If you can't find the right scope, follow this process:

- Find the role assignment id. Here: abcd-123

```shell
 ~ Microsoft.Authorization/roleAssignments/abcd-123 [2022-04-01]
    ~ properties.principalId: "xxx" => "[reference('/subscriptions/xxx/resourceGroups/rg-mi-review-uks/providers/Microsoft.ManagedIdentity/userAssignedIdentities/mi-lungrc-ado-review-uks', '2024-11-30').principalId]"
```

- Get the subscription id
- List role assignments: `az role assignment list --scope "/subscriptions/[subscription id]"`
- Look for the role assignment id abcd-123 to retrieve the other details.
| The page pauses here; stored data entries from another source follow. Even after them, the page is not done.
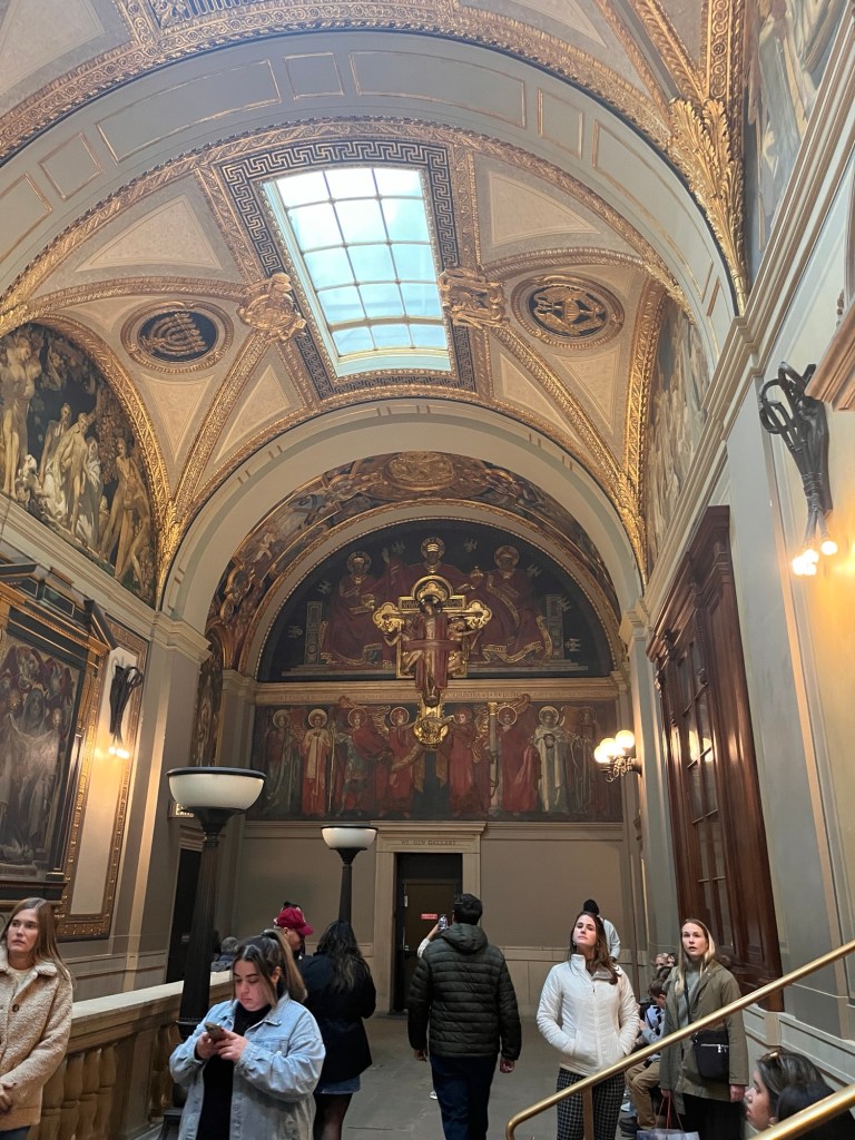 This church had amazing woodwork and this style of wood burning art throughout the church, doors, ceiling, walls. It was very unique!
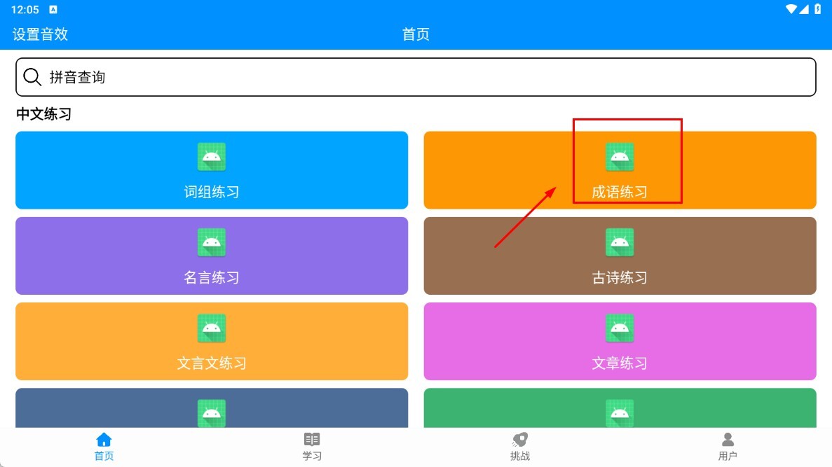 3、登录后回到首页,找到并点击【成语练习-功能板块】,即可进入对应的学习页面。
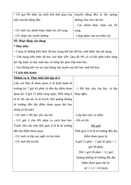 - HS vận dụng được cách tính vận tốc, quãng đường, thời gian để giải các bài toán
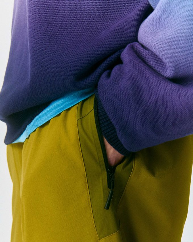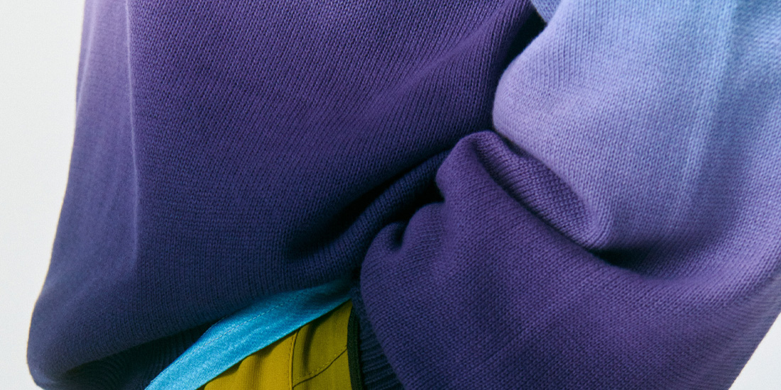 グラデーション染めによる色の変化が特徴的なサンフェードセーター。視線を引きつけながらも、過度に主張しすぎないトーンでまとめています。
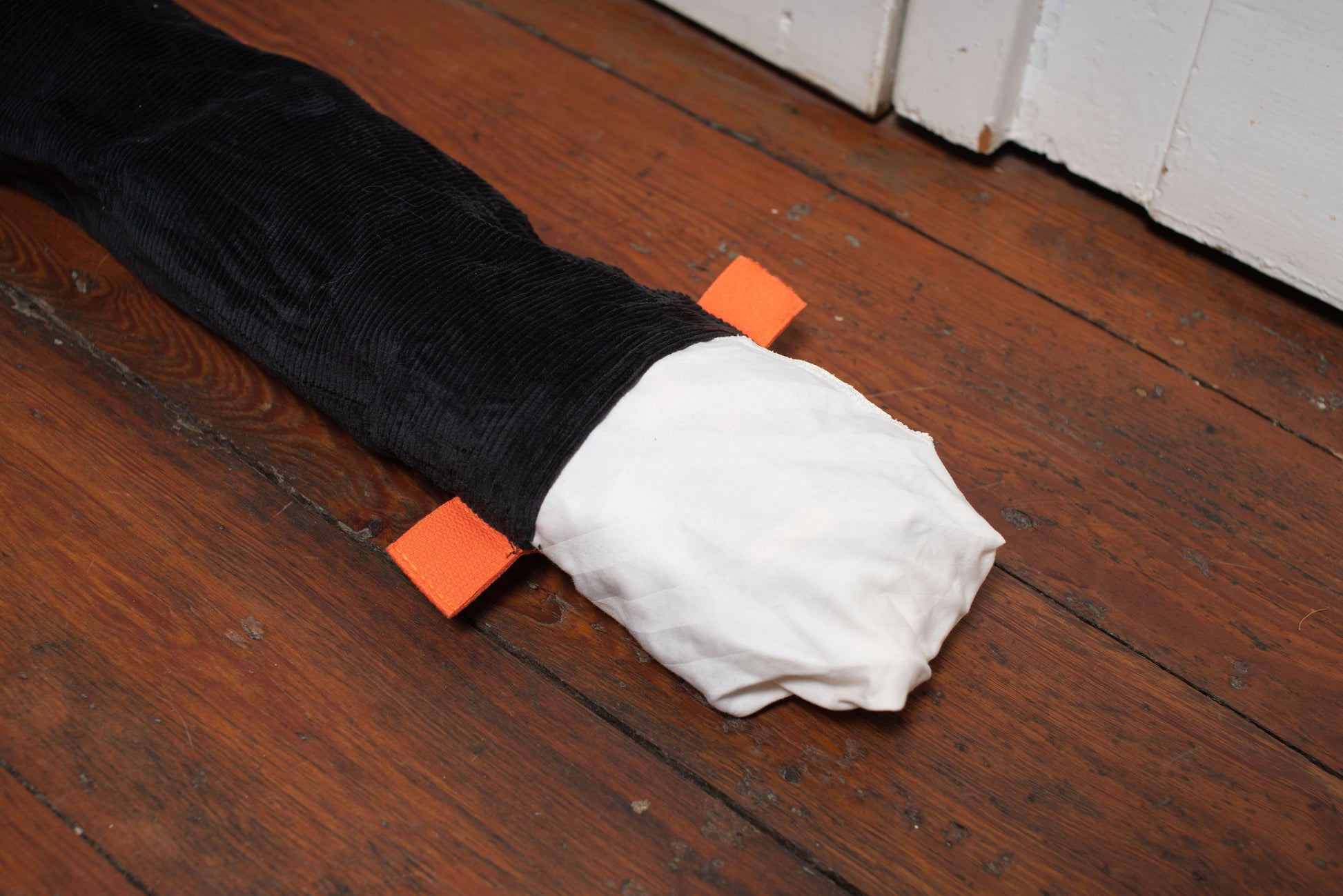 3. Entnehme der beiliegenden Tüte die weißen Klebeklettquadrate und Klette sie Auf das Flauschband am Zugluftstopper. Platziere diesen nun passend vor gewünschter Tür/Fenster und leg die Position fest. Die Oberfläche, auf die nun die Klettquadrate aufgebracht werden, sollte sauber und fettfrei sein. Entferne als Nächstes das Papier von den Klettquadraten und drücke sie an die Tür/Fenster.
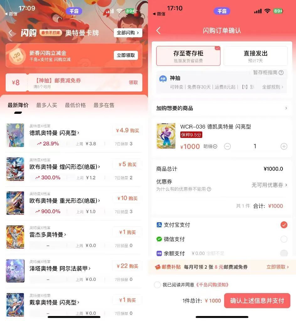 除了微拍堂之外,一款名为“千岛”的App也上线了奥特曼卡牌的在线交易。
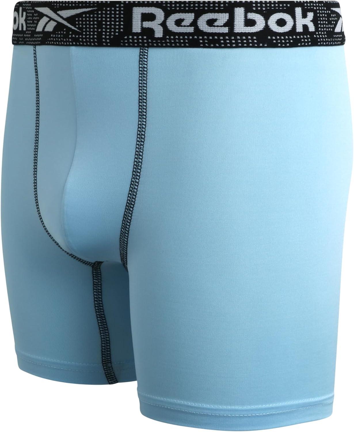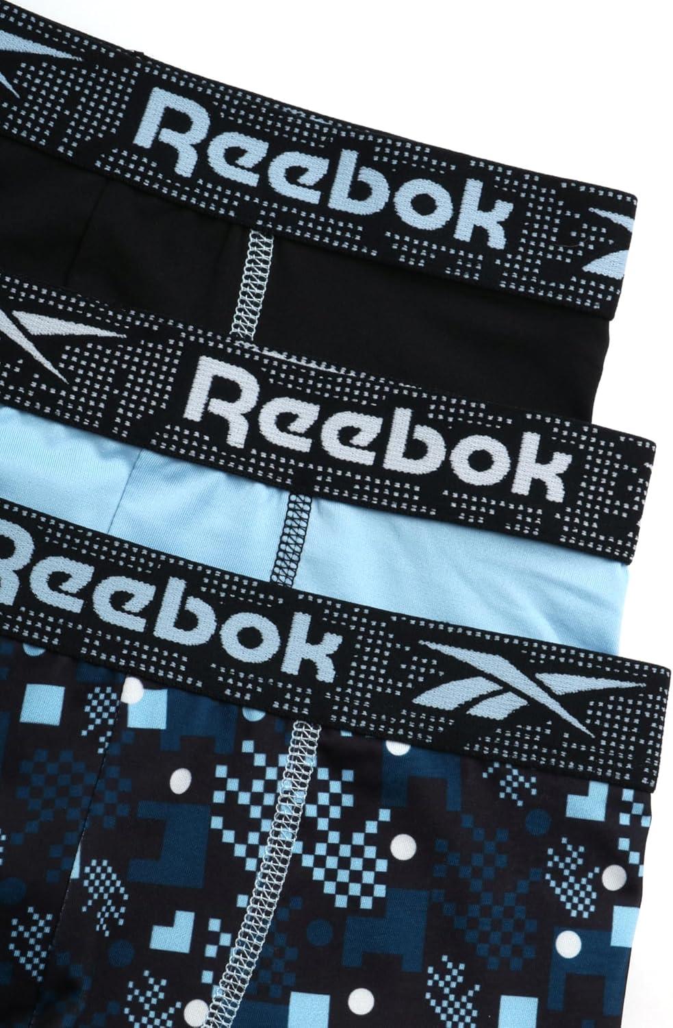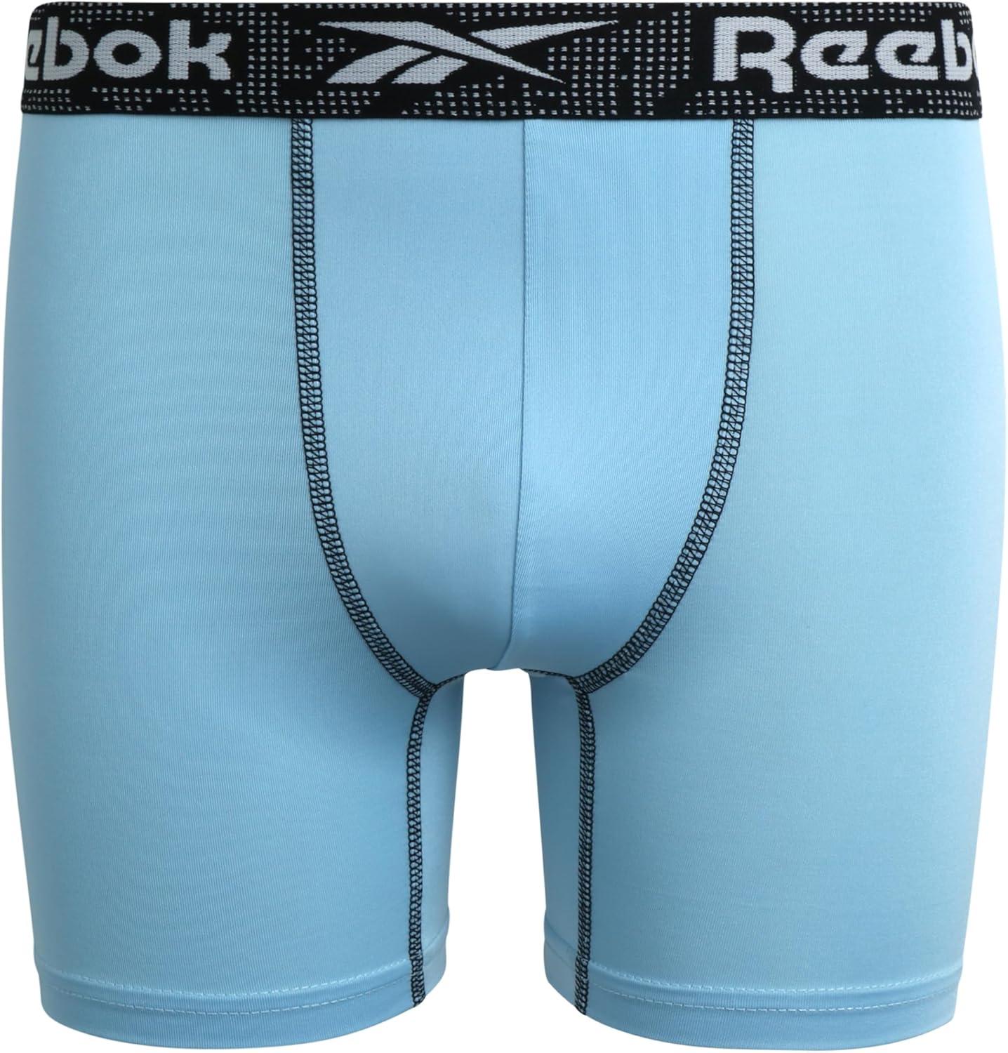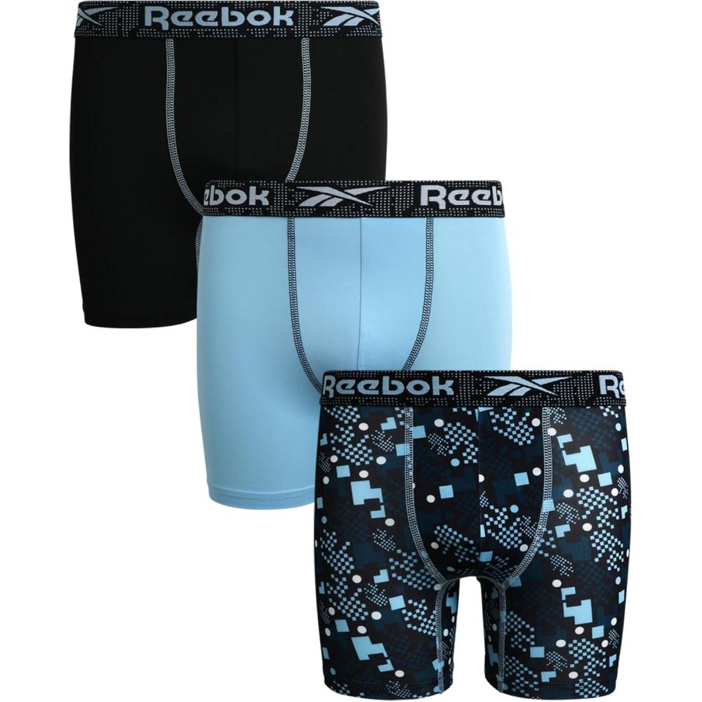 Reebok Boys Boxer Briefs - 3 Pack Performance Soft Stretch Breathable 5” Inseam Boxer Briefs Boys Underwear (6-18)(Print/Sky/Black)

It may named: Unknown.
- Delete the role assignment via the portal

### PrincipalNotFound

Example:

```shell
ERROR: {"status":"Failed","error":{"code":"DeploymentFailed","target":"/subscriptions/exxx/providers/Microsoft.Resources/deployments/main","message":"At least one reson failed. Please list deployment operations for details. Please see https://aka.ms/arm-deployment-operations for usage details.","details":[{"code":"PrincipalNotFound","message":"Principal xxx does not exist in the directory xxx. Check that you have the correct principal ID. If you are creating this principal and then immediately assigning a role, this era replication delay. In this case, set the role assignment principalType property to a value, such as ServicePrincipal, User, or Group.  See https://aka.ms/docs-principaltype"}...
```

Race condition: the managed identity is not created in time for the resources that depend on it. Solution: rerun the command.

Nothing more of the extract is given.